Approach for site when client won't be using gulp, sass, etc.?


I’ve got a site which I’ve developed using Trellis, Sage (8) and Bedrock. I’m using gulp during development, Trellis to deploy (to AWS), etc. and all working great.

The only problem is that the client wants to take on the site after go-live and they’re not particularly techie. This means that they want to update CSS and templates within WordPress admin directly, etc.

I’m thinking of a list of things I’ll have to change so that they can maintain the site going forwards. Currently I’m thinking of:

  • Disable minification of the generated CSS file
  • Allow Plugin and Theme Update and Installation (DISALLOW_FILE_MODS->false)
  • Allow the Plugin and Theme Editor (DISALLOW_FILE_EDIT->false)

If anyone has experience of this then I’d really like to hear how you’ve approached things.


Your approach seems pretty solid, but I say let them learn. If they can’t see the value you provide as a developer, then let them learn the hard way. You shouldn’t need to bend over backwards to accommodate for their lack of value in your work. And the degree to which they value your work will reflect how much they value their own endeavours.

From, a developer who has found themself in similar situations too often.

1 Like

If you do this in any way, you will end up being responsible for supporting it when they break it on a Friday afternoon.

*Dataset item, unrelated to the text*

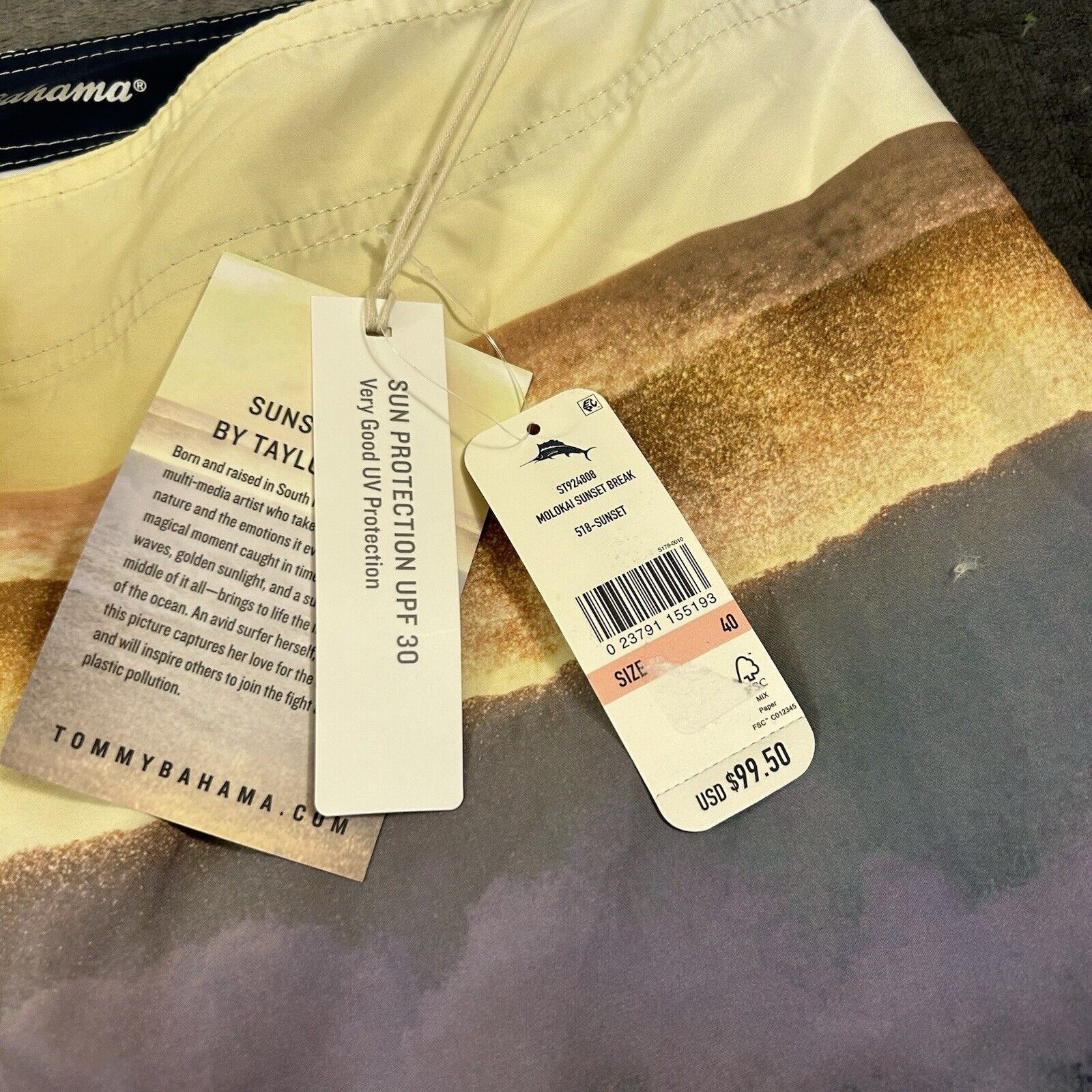 Tommy Bahama Board Shorts Mens 40" Yellow Blue Molokai Sunset Break Swim NEW

For clients that want to self-maintain we use beaver builder along with acf and custom post types to balance their ability to update content and have flexibility, while keeping things clean and reliable. This is the right solution.

Plugin and them update installation along with files edits just guarantees the site will get hacked. Having them locked down is one of the greatest benefits of Trellis. It also means random things can get changed without the site being in source control

We always will install plugins for clients for free on any of the sites we host, but they can’t do it them selves because the requests are normally:

  • An unnecessary or scary plugin like a file manager or an additional seo or adwords or youtube or gallery plugin when that functionality already exists and they don’t realise
  • A piece of crap from themeforest that will break and destroy a live site when there is an alternative you can easily recommend and install instead to get them a good result
  • It’s a whole set of new functionality that needs to be through through set up properly and tested, not just dropped on a live site

If they are insistent that they want to play with everything with no knowledge. You should de-bedrock it, hand it over as-is and let them get it installed on their own hosting. Make it clear that it’s not supported as it’s not safe, secure or best-practice.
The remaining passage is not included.